I recently read A Praying Church by Paul E. Miller. It's been a long time since a book has inspired me like this one. Miller doesn't share any programs or strategies that guarantee success, except prayer itself. I believe this book has been so important to me because I have been looking for years to find a way to encourage my congregations to be praying churches.

Miller tells us what we should already know. "Prayer fuels prayer." (pg. 6). It makes sense that this happens because prayer works like conversation between people. Regular dialogue with family and friends builds relationships and causes us to desire more time together. In the same way, prayer helps us build a relationship with God. And once God has our hearts, he has our time.

But prayer isn't just for individuals, it is the very pillar on which the church was built, or as Miller points out, "it's the very breath of the church." (pg. 7) This book is made up of 5 parts. Why we should pray together. How Jesus communities work. Exploration of the interface between the Spirit of Jesus and the community of prayer. How to pray in community. And how integral prayer can be to the subcommittees of the church. This is not a deeply theological book, but it has theology. It's not a how-to book but it gives us strategies.

This book illustrates the journey of a man (Miller) who has a deep relationship with God and the church. He focuses primarily on the book of Ephesians and Paul's prayer to the church in Ephesus. In the book, he describes in detail the power train through which Paul prays. It is prayer - Spirit - Jesus - Power - Saints. He points out that "Paul's opus on the church centers not on the church but on Christ." And likewise, "We do church best when we don't look at Church but gaze at Christ."(pg. 70)

Make every effort to keep yourselves united in the Spirit, binding yourselves together with peace. For there is one body and one spirit, just as you have been called to one glorious hope for the future. Ephesians 4:3

Corporate prayer was at the heart of early church worship and should play a bigger part in our worship services today. He believes and I agree, that we do not spend enough time in prayer on Sunday mornings. Our focus is usually on the sermon, which is a necessary part of the service, however, it can keep us focused on ourselves, rather than God. He writes, "The sermon is about God, and singing and prayer are to God. It's a natural progression from building faith to expressing faith. (pg. 194)

In addition to prayer, Miller talks about the importance of fasting.

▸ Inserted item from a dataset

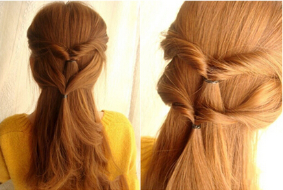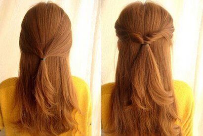 公主头扎发step4》》》》》然后,使用与步骤二同样的方式将半扎发反转处理好,再拉紧皮筋,避免秀发过于松落。

He suggests several ways we can start with fasting and how it can evolve. He writes about an African mission group that fast and prays for the first forty days of the year (they sustain themselves with vegetable juice.) for the conversion of Muslim Imams and have seen 1500 Imams find Christ. (pg. 251)

I believe the Global Methodist Church would benefit if its pastors and lay people put into practice the teachings of A Praying Church. I have every confidence that this will change the very essence of our churches. We will become churches focused on the power of Christ and the Holy Spirit. And when we embrace this power promised to us by Christ and the Holy Spirit, literally anything is possible!